#### [Provided material]
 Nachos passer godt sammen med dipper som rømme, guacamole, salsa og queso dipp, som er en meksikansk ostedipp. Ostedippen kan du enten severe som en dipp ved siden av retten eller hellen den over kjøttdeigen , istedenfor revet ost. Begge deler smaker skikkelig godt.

* * *

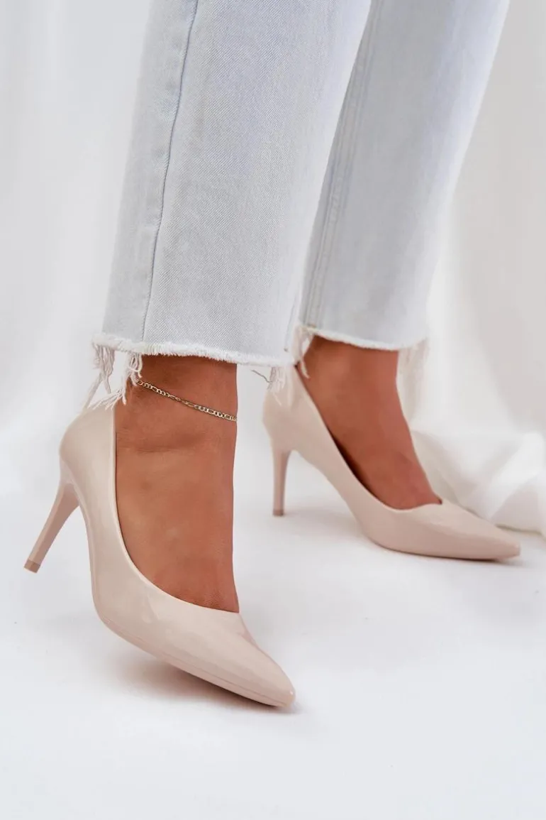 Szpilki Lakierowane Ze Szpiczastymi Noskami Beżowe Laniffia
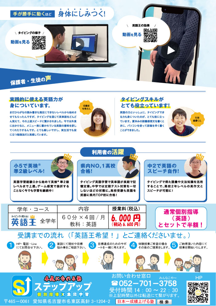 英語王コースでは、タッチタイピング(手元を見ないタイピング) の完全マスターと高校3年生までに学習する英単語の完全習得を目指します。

#### [Problem to work on]
Having found the line with "Szpilki Lakierowane Ze" and the line with "英語王コースでは、タッチタイ" in the material above, write out exactly those two and every line between, leaving the pictures out.

#### [Output]
 Szpilki Lakierowane Ze Szpiczastymi Noskami Beżowe Laniffia
 英語王コースでは、タッチタイピング(手元を見ないタイピング) の完全マスターと高校3年生までに学習する英単語の完全習得を目指します。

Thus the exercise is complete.